Lembaga Rating Internasional Ini Sarankan RI Lockdown!
Pemakaman Covid di TPU Bambu Apus. (Foto: CNBC Indonesia/Andrean Kristianto)
Penulis
Rubrik
Sumber
cnbcindonesia.com

Jakarta | Melonjaknya kasus penularan Covid-19 menjadi beban tersendiri untuk pemulihan ekonomi di Indonesia. Sebuah lembaga internasional, bahkan menyarankan Indonesia untuk melakukan karantina wilayah atau lockdown agar tidak berimbas semakin dalam untuk ekonomi Indonesia.

Economist Asia-Pacific S&P Global Ratings Vishrut Rana memandang bahwa penularan kasus virus corona pada saat ini di Indonesia lebih parah dibandingkan penularan sebelumnya.
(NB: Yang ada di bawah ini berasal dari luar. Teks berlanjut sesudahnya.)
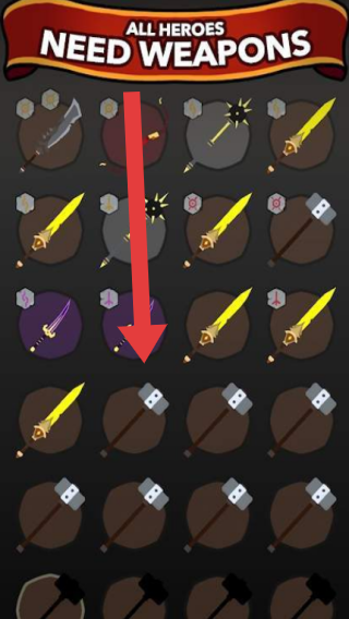1、在武器展示界面,浏览各类武器,按箭头方向滑动屏幕,查看更多武器,选择心仪武器。

Hal ini yang kemudian berdampak terhadap operasi ekonomi, mengingat pemerintah memutuskan untuk menerapkan pemberlakuan pembatasan kegiatan masyarakat (PPKM) Darurat.
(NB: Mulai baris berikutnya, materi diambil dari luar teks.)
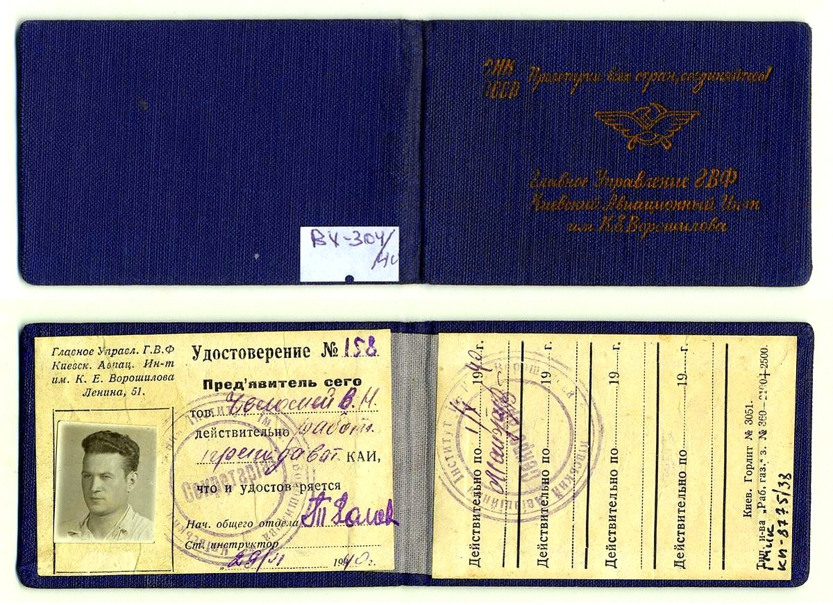 Несподіванкою для дослідників в цій історії про київський період Володимира Челомея став документ, виданий 29 червня 1941 року, про те, що «Пред’явитель сего тов. Челомей В.Н. действительно работает в КАИ в должности преподаватель».

Namun, menurut Vishrut, dari kebijakan pemerintah saat ini nampaknya belum mampu mengontrol secara keseluruhan penularan kasus. Oleh karena dia berharap, Indonesia bisa mengambil kebijakan lain seperti lockdown atau Pembatasan Sosial Berskala Besar (PSBB) seperti tahun 2020 silam.
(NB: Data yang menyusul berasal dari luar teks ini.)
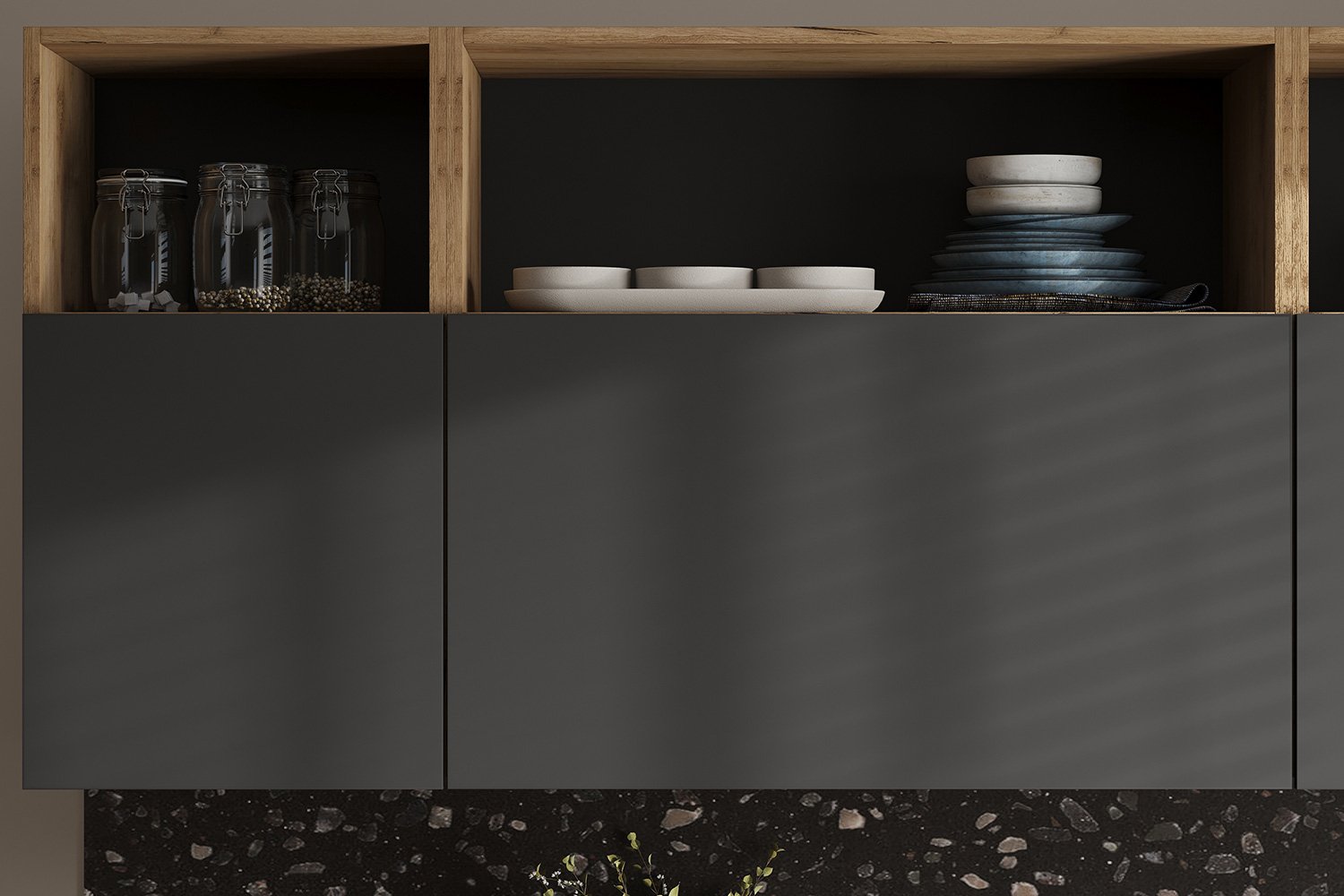 Верхние модули представляют собой комбинированную систему хранения с возможностью выбора места установки открытых полок — на верхнем уровне или внизу.

"Kami berharap Indonesia tetap berpegang pada pendekatan yang ditargetkan untuk lockdown dan manajemen pandemi lainnya," jelas Vishrut dalam sebuah webinar, Jumat (16/7/2021).

"Pendekatan selama tahun 2020 ini memungkinkan pengeluaran dan produksi bertahan dengan relatif baik terhadap pasar lain di kawasan ini," kata Vishrut melanjutkan.

Masih masifnya penularan kasus Covid-19 di Indonesia, S&P Global Ratings memutuskan untuk merevisi perkiraan pertumbuhan ekonomi Indonesia 2021 menjadi 2,3% - 3,4%, padahal sebelumnya optimistis Indonesia bisa mencapai 4,4% pada tahun ini.

Seperti diketahui pada PSBB tahun lalu, semua penahanan mobilitas masyarakat dilakukan beberapa kali, berlangsung pertama kali pada 10 April 2020 - 23 April 2020.

Kemudian PSBB di wilayah Jabodetabek diterapkan lagi sebanyak dua kali yakni pada 23 April - 22 Mei 2020 dan 24 Mei - 4 Juni 2020.

Sejumlah fasilitas umum pun ditutup, kegiatan sekolah dan perkantoran dilakukan dari rumah, pembatasan transportasi, dan hanya mengizinkan 11 sektor untuk beroperasi selama PSBB.

Berdasarkan Pergub 33 Tahun 2020 tentang Pelaksanaan PSBB, 11 sektor itu adalah kesehatan, bahan pangan, energi, komunikasi dan teknologi informasi, keuangan, logistik, perhotelan, konstruksi, publik dan industri yang ditetapkan sebagai objek vital nasional, dan objek tertentu, serta kebutuhan sehari-hari.***

Komentar

Loading...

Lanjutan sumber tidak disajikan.